# Best size wheel/tire for winter-



## bebop86

looking to get a set of winter tires/wheels for a 2012 wrangler sport- using a western HTS plow- what size wheels and tires work best- thanks


----------



## bschurr

Thats a pretty subjective question that depends greatly on how the Jeep will be used when not plowing. Best would be a dedicated winter tire (possibly even studded) with the same width and height of your "stock" tires...


----------



## 32vld

I and my son bought BFG TA KO's for my TJ UL and his Colorado. Great in the snow. I stayed stock size. My son had to go 1" taller overall because they did not make a KO tire in his original size.

I like those tires enough to just buy a set for my wife's suburban. However they are replacing the TA KO with TA KO2's. KO's no longer available in the stock size and not making KO2's in that size yet. So I went from 265 70R 16 to a 265 75R 16, .9" inch taller, .2" narrower tread width then the original tire size.


----------



## Deli_Guy

I believe the amount of siping you have is what's important.


----------



## info4tim

Deli_Guy;1951843 said:


> I believe the amount of siping you have is what's important.


Def the sipping.
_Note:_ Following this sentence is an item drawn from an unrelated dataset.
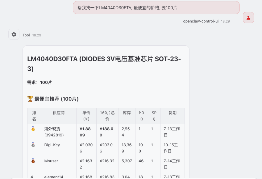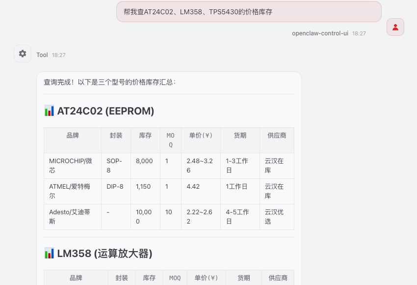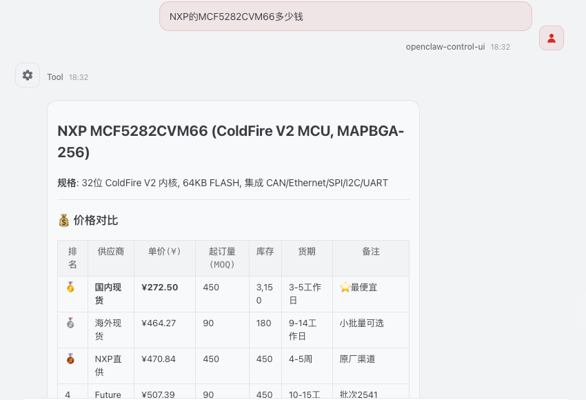 下图为线上真实使用记录:用自然语言描述型号、数量与交期等条件后,Skill 会调用云汉芯城数据,在对话中返回报价表多档推荐采购建议等结构化结果,无需再切网页查价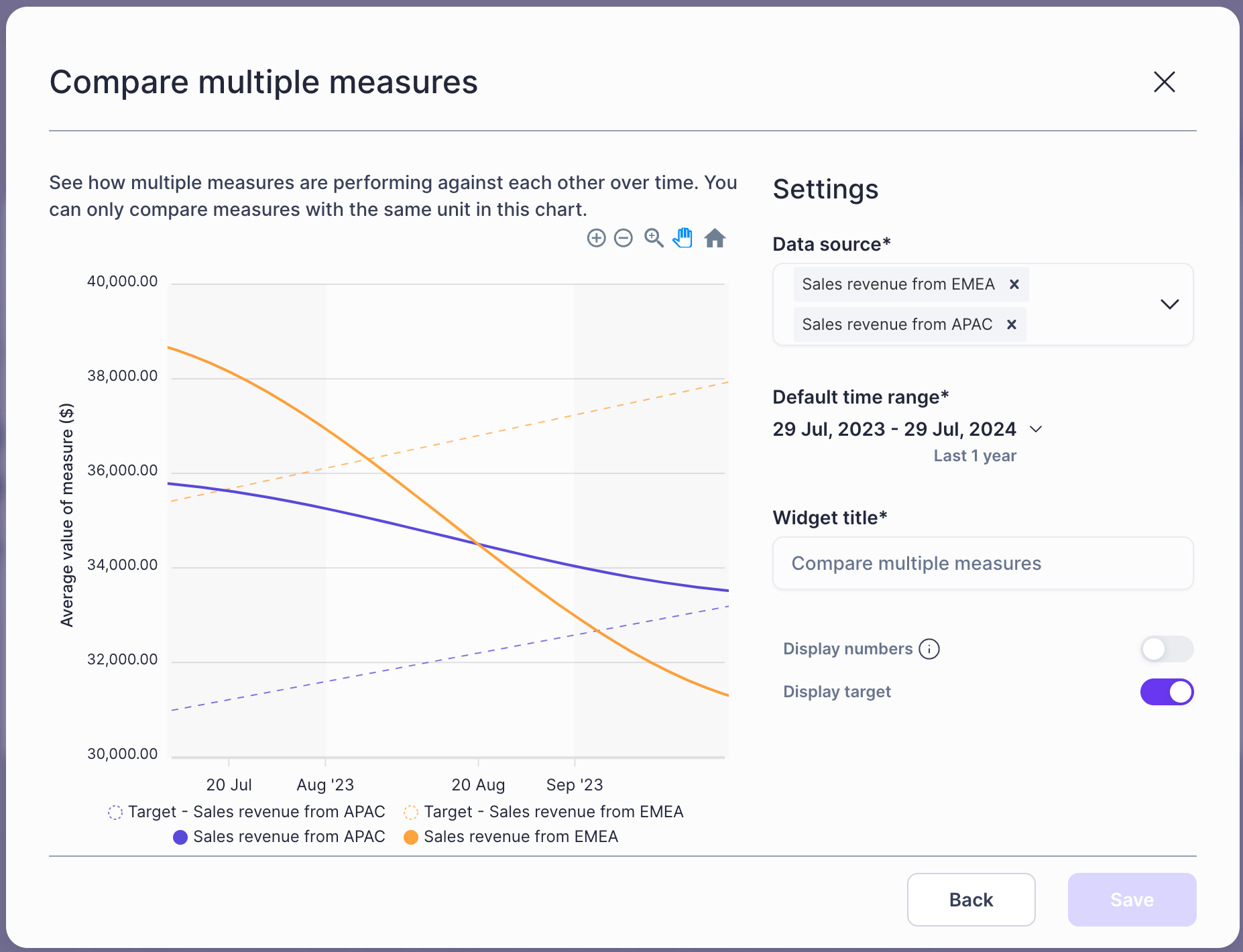 Available now in compare multiple measures widget on Report. You can select to display the target when you are creating the widget.

Have GY Duratracs best tire for plowing! Monster in snow, n wear ability good overall also


----------



## dt5150

another vote for goodyear duratracs. THE best tire in the snow i've ever run, bar none.


----------



## White Gardens

Deli_Guy;1951843 said:


> I believe the amount of siping you have is what's important.


I'd say weight first.

........


----------



## Antlerart06

85 series tire is better in snow or mud


----------



## jasonv

Antlerart06;1966206 said:


> 85 series tire is better in snow or mud


"85 series"? The closest thing I can come up to that even marginally meets into that, is a tire with a RATIO of 85, i.e. LT200/85R10

This is not a "series". It defines the sidewall height ratio with respect to tread width. This number alone has absolutely no meaning whatsoever about the tire's actual size, since it doesn't even describe the important sizes -- which are tread width and the overall diameter.
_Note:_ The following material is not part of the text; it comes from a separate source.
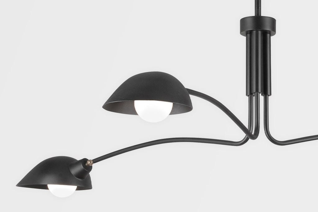 Minimalism with presence, Leo has a clean, sculptured look that fills a space. Rounded shades suspend from sprawling metal arms, all in a soft black finish. The three-bulb chandelier is over six-and-a-half feet in diameter and the six-bulb chandelier is seven feet in diameter. The shades rotate to create a customized lighting plan. This expansive fixture will bring stunning style to any large space.

For example; if you change the size of the RIM, keep the same tread width and overall diameter, then you will end up with a different ratio, even with the important dimensions remaining constant.

The larger the RIM, the smaller the sidewall ratio will have to be to maintain the same treadwidth and overall dimension.

What makes a better winter tire has nothing to do with the sidewall ratio. It has to do with tread width. A narrower tread is generally viewed as better in winter due to its ability to dig down to something hard instead of floating on the top.

LT123/85R10
... 123 is the tread width, expressed in millimeters.


----------



## Antlerart06

jasonv;1966386 said:


> "85 series"? The closest thing I can come up to that even marginally meets into that, is a tire with a RATIO of 85, i.e. LT200/85R10
> 
> This is not a "series". It defines the sidewall height ratio with respect to tread width. This number alone has absolutely no meaning whatsoever about the tire's actual size, since it doesn't even describe the important sizes -- which are tread width and the overall diameter.
> 
> For example; if you change the size of the RIM, keep the same tread width and overall diameter, then you will end up with a different ratio, even with the important dimensions remaining constant.
> 
> The larger the RIM, the smaller the sidewall ratio will have to be to maintain the same treadwidth and overall dimension.
> 
> What makes a better winter tire has nothing to do with the sidewall ratio. It has to do with tread width. A narrower tread is generally viewed as better in winter due to its ability to dig down to something hard instead of floating on the top.
> 
> LT123/85R10
> ... 123 is the tread width, expressed in millimeters.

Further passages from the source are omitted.